> **Exercise details**
Exact copy, no pictures: every line from the one that contains "Visitkortsfotografi. Porträtt av" through the end of the data below, and nothing else.

> **Records for processing**

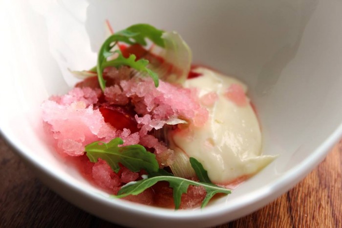 Gioco di abbinamento tutto a crudo, la vinagrette al pistacchio dona sapore, le ciliegie forniscono il contrasto necessario per la riuscita del piatto.
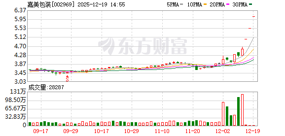 12月19日,嘉美包装(002969.SZ)连续第三天涨停,连续3个交易日收盘价格涨幅偏离值累计超过20%。消息层面上,扫地机器人企业追觅的创始人俞浩近日拟以20多亿元收购嘉美包装的控股权。
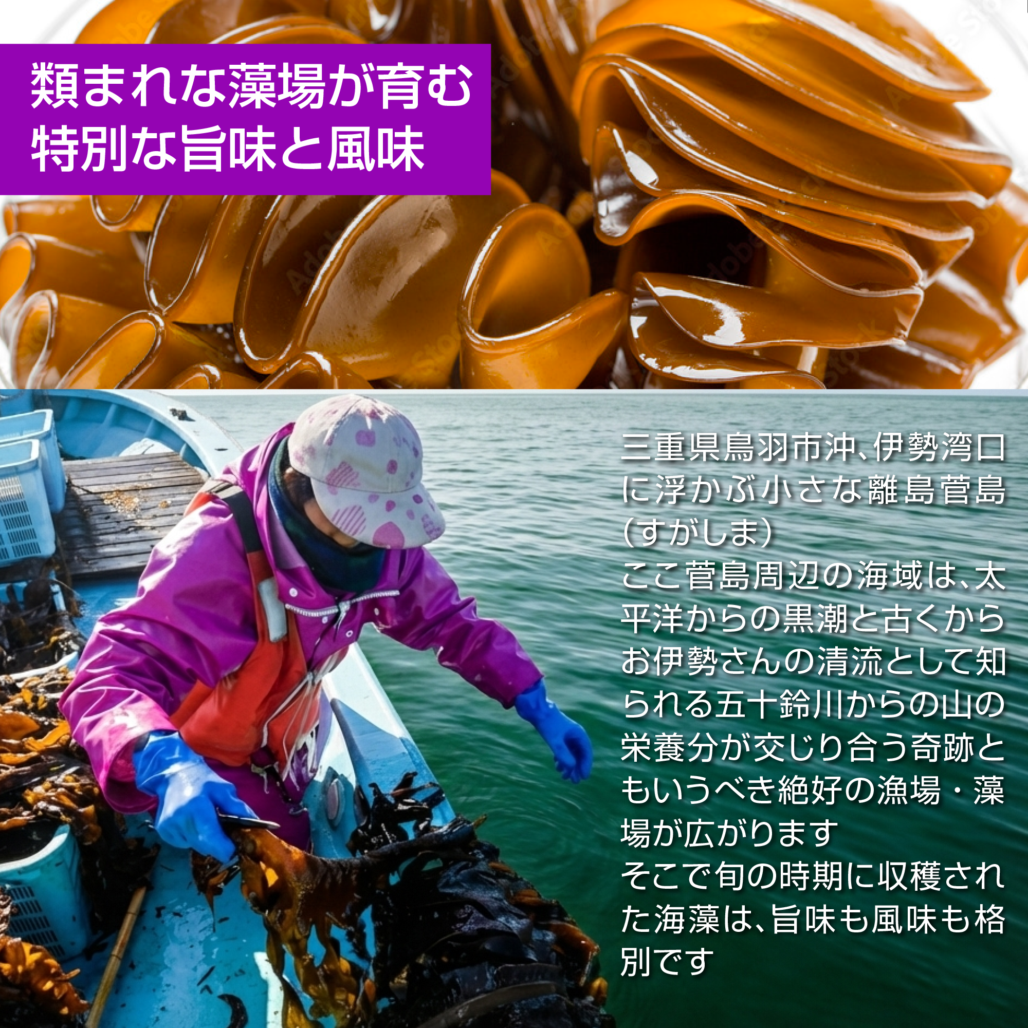 菅島沿岸で旬の時期に収穫された海藻は、味わい深く旨味も風味も格別です。「簡単に!お手軽に!始めよう海藻生活」をテーマに菅島で水揚げされた海藻を島内の工場にてベテランスタッフが手作業で安心・安全・丁寧に製造加工することを心がけ、全国のより多くの皆様にできるだけ新鮮な状態でお届けいたします。
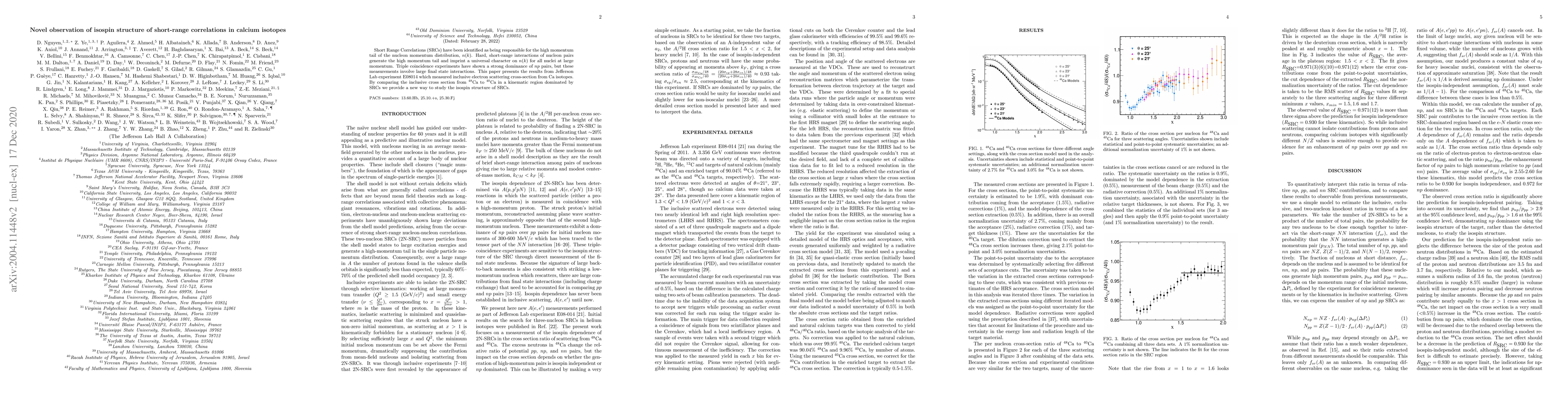 This paper reports on Jefferson Lab experiment E08014, which measures inclusive electron scattering cross-sections from calcium isotopes to study short-range correlations (SRCs). By comparing 48Ca and 40Ca, it provides new insights into the isospin structure of SRCs, revealing a dominant np pair interaction.
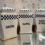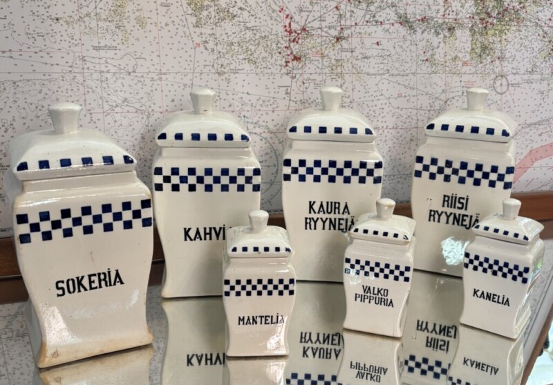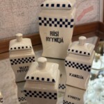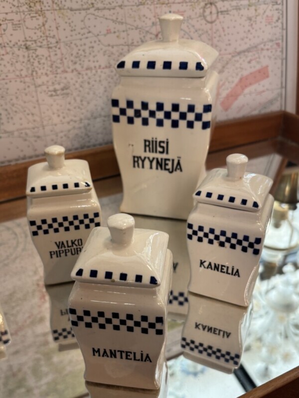 Maustepurkit posliinia, 4 kappaletta isoja ja 3 kpl pienempiä. Mitat: K.12 - 21cm
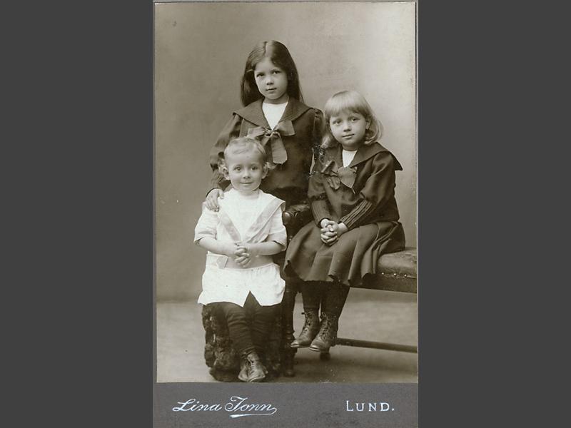 Visitkortsfotografi. Porträtt av Anna-Lisa, Brita och Lars Bengt Andreas Andersson. Barn till apotekare Vitus Andersson (1862-1908) och Anna Bernström (1874-1964).
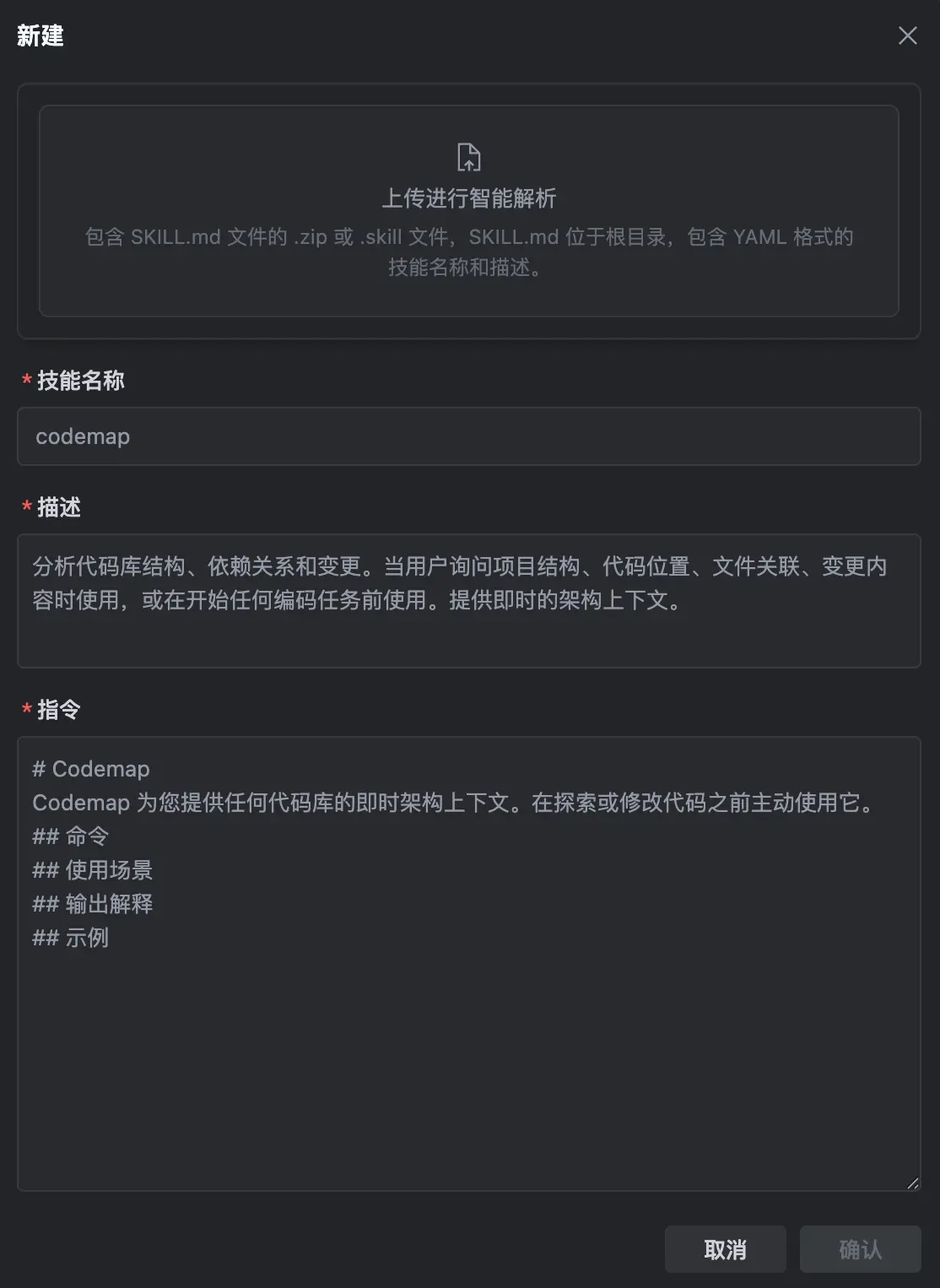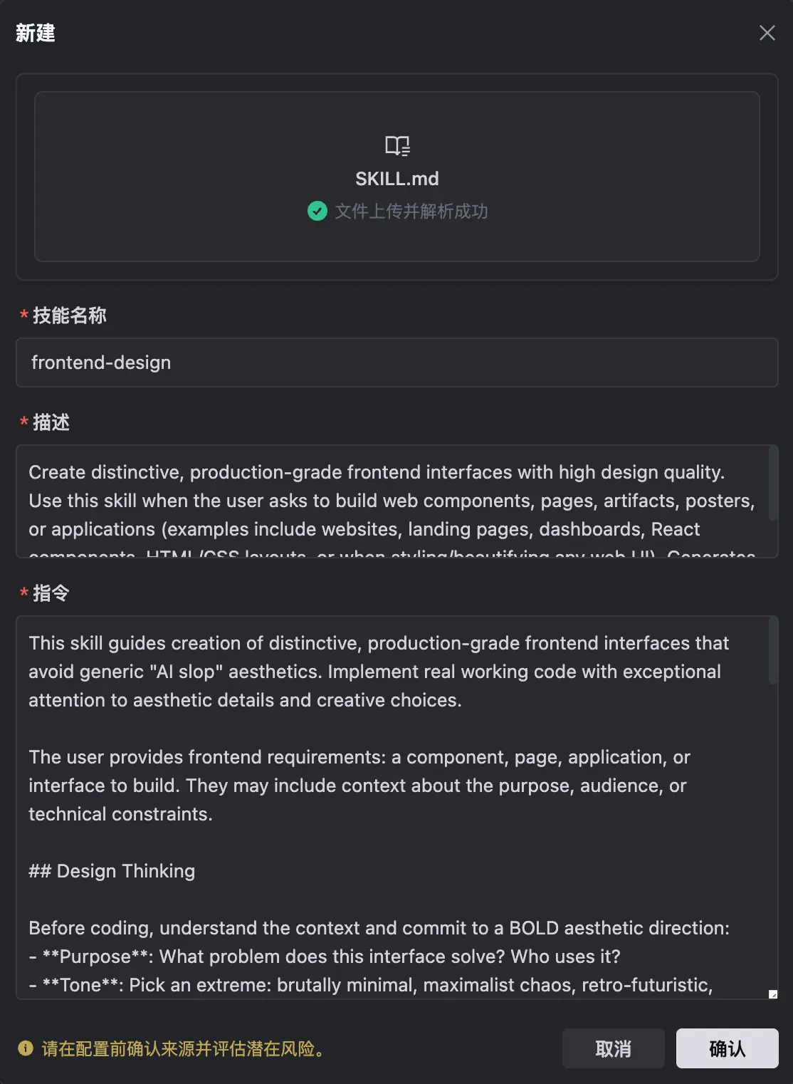 - 按需修改 技能名称 、描述 和 指令 字段中的内容,然后点击 确认 按钮。

> **Exercise response**
 Visitkortsfotografi. Porträtt av Anna-Lisa, Brita och Lars Bengt Andreas Andersson. Barn till apotekare Vitus Andersson (1862-1908) och Anna Bernström (1874-1964).
 - 按需修改 技能名称 、描述 和 指令 字段中的内容,然后点击 确认 按钮。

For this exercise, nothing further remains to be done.